### Assignment
Any pictures in the records below must be left out when you repeat the lines from the line containing "Ошейник кожаный двойной" through the line containing "В поисковой системе" exactly.

### Recorded data
>>>
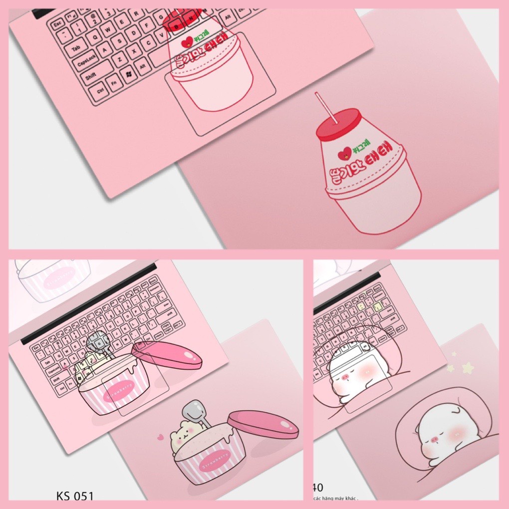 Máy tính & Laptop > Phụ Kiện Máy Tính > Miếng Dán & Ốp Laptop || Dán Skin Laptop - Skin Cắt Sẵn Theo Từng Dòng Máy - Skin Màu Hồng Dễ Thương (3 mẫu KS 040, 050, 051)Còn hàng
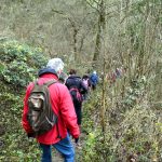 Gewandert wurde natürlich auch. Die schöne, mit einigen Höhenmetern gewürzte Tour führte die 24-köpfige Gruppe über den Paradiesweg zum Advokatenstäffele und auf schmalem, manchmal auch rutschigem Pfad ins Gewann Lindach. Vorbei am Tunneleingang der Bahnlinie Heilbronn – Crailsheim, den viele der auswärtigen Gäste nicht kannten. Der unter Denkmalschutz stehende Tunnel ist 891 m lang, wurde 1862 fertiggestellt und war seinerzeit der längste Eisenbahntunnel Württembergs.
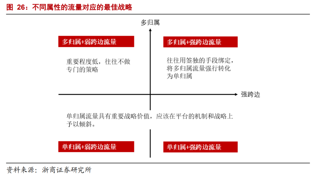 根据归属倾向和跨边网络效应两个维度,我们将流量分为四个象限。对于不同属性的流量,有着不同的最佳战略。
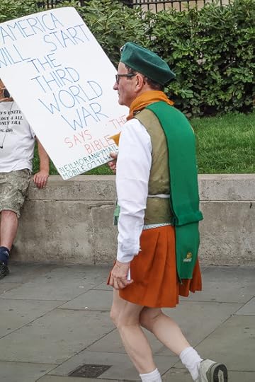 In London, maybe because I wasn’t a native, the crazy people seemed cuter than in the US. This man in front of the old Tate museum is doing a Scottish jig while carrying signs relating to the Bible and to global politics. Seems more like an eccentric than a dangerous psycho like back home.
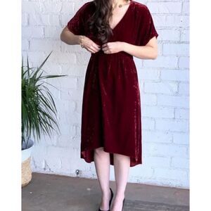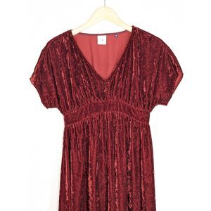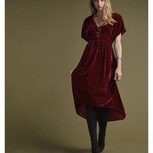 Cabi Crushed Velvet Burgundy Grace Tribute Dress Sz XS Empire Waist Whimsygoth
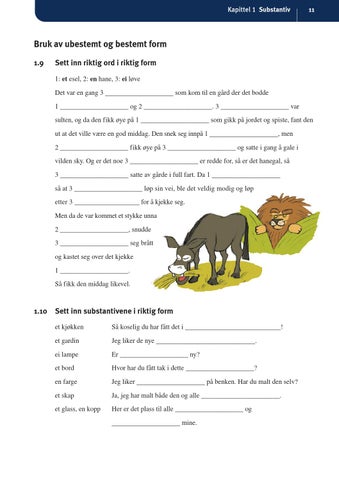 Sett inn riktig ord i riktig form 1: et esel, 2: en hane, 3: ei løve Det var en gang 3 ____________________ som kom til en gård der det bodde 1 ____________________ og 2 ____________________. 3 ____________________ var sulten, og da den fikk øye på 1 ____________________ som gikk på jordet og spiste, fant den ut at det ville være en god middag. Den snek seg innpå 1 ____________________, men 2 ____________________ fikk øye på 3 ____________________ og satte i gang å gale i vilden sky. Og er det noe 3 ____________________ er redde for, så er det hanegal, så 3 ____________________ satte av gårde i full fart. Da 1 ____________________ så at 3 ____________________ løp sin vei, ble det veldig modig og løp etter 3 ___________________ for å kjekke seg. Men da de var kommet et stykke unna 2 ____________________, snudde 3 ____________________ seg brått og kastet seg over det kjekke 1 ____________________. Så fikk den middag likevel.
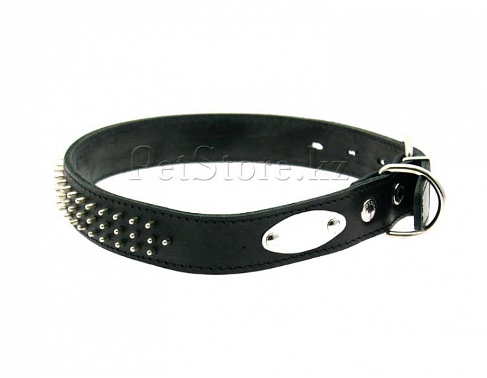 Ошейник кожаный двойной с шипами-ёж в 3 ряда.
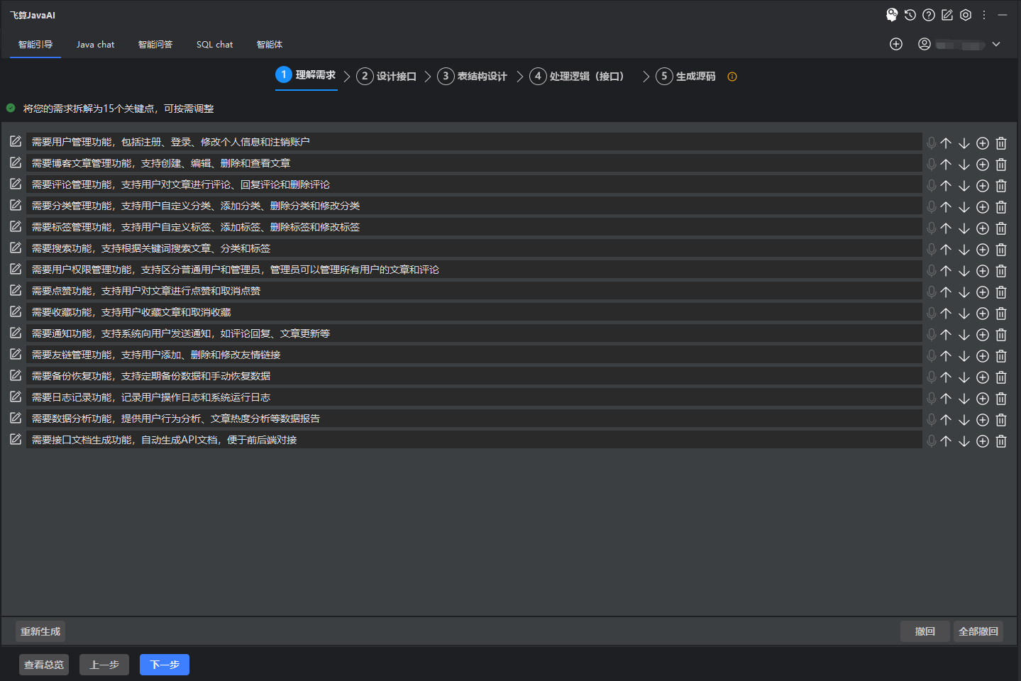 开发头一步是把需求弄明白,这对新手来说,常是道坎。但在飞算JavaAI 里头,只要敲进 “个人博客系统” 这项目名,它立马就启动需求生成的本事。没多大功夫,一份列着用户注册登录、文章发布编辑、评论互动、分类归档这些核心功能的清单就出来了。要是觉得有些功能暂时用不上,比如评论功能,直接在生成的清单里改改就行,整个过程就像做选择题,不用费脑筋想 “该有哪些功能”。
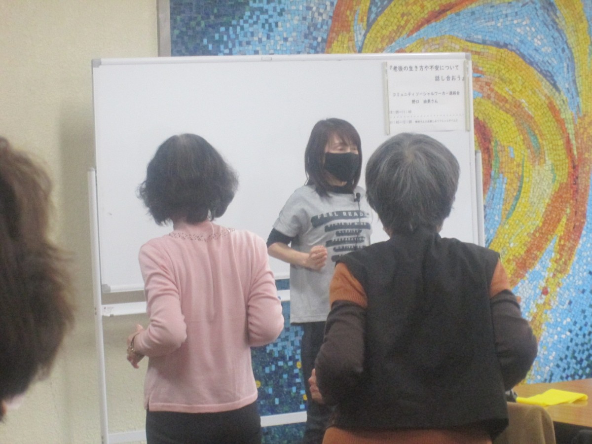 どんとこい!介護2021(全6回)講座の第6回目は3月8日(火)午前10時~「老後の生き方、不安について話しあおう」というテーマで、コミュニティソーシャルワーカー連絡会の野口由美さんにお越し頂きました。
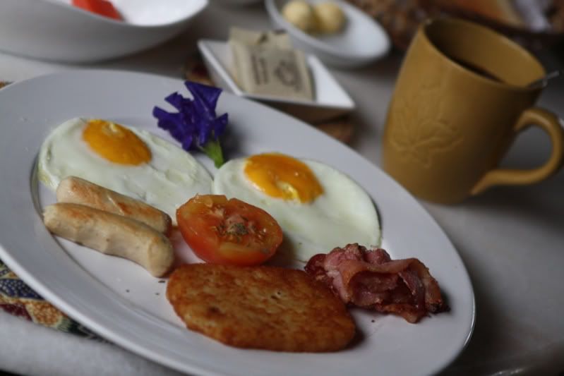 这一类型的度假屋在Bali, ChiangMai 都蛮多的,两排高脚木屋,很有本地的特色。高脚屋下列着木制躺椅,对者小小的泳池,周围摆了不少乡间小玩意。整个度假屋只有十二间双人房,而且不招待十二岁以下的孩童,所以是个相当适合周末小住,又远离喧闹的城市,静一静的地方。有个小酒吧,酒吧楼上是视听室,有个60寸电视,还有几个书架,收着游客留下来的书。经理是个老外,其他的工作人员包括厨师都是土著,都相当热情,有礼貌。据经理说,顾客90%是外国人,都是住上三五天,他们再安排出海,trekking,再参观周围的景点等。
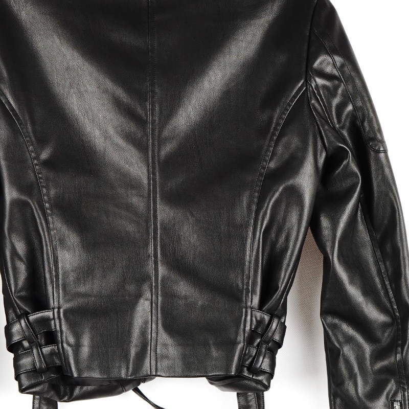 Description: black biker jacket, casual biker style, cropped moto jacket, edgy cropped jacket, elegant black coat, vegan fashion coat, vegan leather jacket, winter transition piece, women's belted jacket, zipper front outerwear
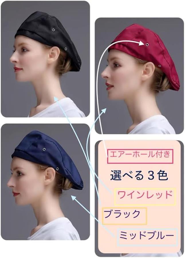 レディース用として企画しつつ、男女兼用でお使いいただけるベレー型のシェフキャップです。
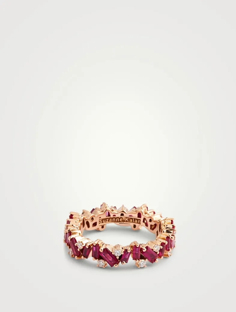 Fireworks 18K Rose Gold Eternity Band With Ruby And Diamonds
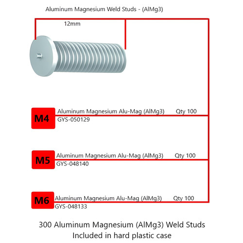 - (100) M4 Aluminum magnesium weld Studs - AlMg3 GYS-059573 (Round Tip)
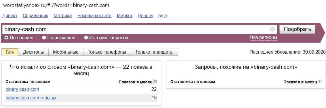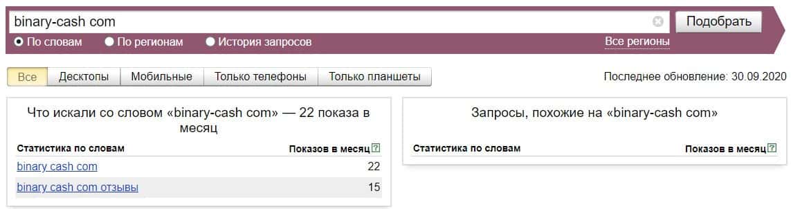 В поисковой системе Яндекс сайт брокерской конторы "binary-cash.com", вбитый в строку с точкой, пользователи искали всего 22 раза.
<<<
>>>
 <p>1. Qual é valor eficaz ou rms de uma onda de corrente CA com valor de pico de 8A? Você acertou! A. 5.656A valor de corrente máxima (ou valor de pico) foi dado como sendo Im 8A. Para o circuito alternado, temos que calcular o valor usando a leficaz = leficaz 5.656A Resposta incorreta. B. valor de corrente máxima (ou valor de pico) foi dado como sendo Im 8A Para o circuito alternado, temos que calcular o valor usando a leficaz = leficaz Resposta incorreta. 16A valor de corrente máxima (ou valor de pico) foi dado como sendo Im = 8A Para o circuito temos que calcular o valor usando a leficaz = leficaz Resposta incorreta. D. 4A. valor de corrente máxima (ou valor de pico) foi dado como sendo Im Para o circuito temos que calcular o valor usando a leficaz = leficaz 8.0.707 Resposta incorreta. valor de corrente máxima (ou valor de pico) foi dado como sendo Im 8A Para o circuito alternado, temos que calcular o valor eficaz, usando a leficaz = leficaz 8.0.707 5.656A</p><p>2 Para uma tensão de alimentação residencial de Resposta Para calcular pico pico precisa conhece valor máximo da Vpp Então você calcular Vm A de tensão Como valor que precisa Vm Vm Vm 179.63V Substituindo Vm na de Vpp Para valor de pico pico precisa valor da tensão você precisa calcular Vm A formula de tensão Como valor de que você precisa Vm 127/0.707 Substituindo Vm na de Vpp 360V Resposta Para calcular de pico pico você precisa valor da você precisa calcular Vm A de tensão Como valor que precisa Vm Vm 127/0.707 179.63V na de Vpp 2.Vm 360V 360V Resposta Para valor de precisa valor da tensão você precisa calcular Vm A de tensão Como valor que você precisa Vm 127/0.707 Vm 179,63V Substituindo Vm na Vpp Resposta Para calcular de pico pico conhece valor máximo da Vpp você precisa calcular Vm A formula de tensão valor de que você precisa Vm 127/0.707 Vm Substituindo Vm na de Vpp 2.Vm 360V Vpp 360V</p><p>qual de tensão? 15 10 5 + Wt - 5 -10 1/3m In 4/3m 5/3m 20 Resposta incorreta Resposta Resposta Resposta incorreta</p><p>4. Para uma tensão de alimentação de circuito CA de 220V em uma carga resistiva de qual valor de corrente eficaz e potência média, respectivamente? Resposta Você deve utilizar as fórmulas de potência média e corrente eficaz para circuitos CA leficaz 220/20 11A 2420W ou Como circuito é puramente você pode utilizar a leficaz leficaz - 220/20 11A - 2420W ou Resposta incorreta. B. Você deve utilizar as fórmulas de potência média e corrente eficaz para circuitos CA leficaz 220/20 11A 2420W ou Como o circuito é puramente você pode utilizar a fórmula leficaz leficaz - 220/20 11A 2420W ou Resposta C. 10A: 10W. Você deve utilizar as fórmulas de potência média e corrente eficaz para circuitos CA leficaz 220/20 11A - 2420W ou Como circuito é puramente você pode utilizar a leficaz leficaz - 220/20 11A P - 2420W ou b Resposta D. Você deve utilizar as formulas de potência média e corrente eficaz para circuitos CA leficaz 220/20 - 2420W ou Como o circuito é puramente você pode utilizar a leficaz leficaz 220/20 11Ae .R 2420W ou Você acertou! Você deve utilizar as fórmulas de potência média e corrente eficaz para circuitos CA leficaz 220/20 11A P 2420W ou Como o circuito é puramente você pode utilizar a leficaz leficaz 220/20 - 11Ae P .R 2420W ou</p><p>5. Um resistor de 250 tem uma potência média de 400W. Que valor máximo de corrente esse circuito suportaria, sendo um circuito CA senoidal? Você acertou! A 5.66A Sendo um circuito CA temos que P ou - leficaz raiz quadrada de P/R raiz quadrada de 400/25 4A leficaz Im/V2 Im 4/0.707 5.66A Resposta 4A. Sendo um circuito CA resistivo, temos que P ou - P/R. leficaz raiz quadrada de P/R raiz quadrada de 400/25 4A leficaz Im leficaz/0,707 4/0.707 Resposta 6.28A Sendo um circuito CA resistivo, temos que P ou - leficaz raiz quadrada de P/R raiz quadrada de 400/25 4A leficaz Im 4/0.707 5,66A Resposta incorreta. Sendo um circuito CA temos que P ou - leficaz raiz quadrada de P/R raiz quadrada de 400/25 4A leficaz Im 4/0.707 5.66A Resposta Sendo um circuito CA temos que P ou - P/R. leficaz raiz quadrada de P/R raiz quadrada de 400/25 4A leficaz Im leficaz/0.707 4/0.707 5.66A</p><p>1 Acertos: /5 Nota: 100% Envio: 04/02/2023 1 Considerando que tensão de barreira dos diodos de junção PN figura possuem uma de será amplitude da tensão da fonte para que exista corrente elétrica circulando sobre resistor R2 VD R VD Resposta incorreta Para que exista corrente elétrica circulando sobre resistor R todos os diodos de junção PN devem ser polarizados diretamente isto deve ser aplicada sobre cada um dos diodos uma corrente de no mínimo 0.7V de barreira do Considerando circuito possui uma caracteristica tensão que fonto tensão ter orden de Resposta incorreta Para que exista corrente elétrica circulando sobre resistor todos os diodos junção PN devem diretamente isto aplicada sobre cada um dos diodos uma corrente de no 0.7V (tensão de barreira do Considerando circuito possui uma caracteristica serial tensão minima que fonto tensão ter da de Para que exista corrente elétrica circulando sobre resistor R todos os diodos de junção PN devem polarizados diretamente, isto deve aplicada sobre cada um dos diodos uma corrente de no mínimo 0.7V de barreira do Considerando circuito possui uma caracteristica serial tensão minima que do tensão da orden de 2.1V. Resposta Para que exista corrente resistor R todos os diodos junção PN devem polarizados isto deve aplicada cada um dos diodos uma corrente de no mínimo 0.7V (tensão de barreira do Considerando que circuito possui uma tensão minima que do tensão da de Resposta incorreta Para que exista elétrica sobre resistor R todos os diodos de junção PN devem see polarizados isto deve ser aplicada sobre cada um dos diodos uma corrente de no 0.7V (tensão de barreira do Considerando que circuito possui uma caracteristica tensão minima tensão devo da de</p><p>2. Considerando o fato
<<<
### Result
 Ошейник кожаный двойной с шипами-ёж в 3 ряда.
 开发头一步是把需求弄明白,这对新手来说,常是道坎。但在飞算JavaAI 里头,只要敲进 “个人博客系统” 这项目名,它立马就启动需求生成的本事。没多大功夫,一份列着用户注册登录、文章发布编辑、评论互动、分类归档这些核心功能的清单就出来了。要是觉得有些功能暂时用不上,比如评论功能,直接在生成的清单里改改就行,整个过程就像做选择题,不用费脑筋想 “该有哪些功能”。
 どんとこい!介護2021(全6回)講座の第6回目は3月8日(火)午前10時~「老後の生き方、不安について話しあおう」というテーマで、コミュニティソーシャルワーカー連絡会の野口由美さんにお越し頂きました。
 这一类型的度假屋在Bali, ChiangMai 都蛮多的,两排高脚木屋,很有本地的特色。高脚屋下列着木制躺椅,对者小小的泳池,周围摆了不少乡间小玩意。整个度假屋只有十二间双人房,而且不招待十二岁以下的孩童,所以是个相当适合周末小住,又远离喧闹的城市,静一静的地方。有个小酒吧,酒吧楼上是视听室,有个60寸电视,还有几个书架,收着游客留下来的书。经理是个老外,其他的工作人员包括厨师都是土著,都相当热情,有礼貌。据经理说,顾客90%是外国人,都是住上三五天,他们再安排出海,trekking,再参观周围的景点等。
 Description: black biker jacket, casual biker style, cropped moto jacket, edgy cropped jacket, elegant black coat, vegan fashion coat, vegan leather jacket, winter transition piece, women's belted jacket, zipper front outerwear
 レディース用として企画しつつ、男女兼用でお使いいただけるベレー型のシェフキャップです。
 Fireworks 18K Rose Gold Eternity Band With Ruby And Diamonds
 - (100) M4 Aluminum magnesium weld Studs - AlMg3 GYS-059573 (Round Tip)
 В поисковой системе Яндекс сайт брокерской конторы "binary-cash.com", вбитый в строку с точкой, пользователи искали всего 22 раза.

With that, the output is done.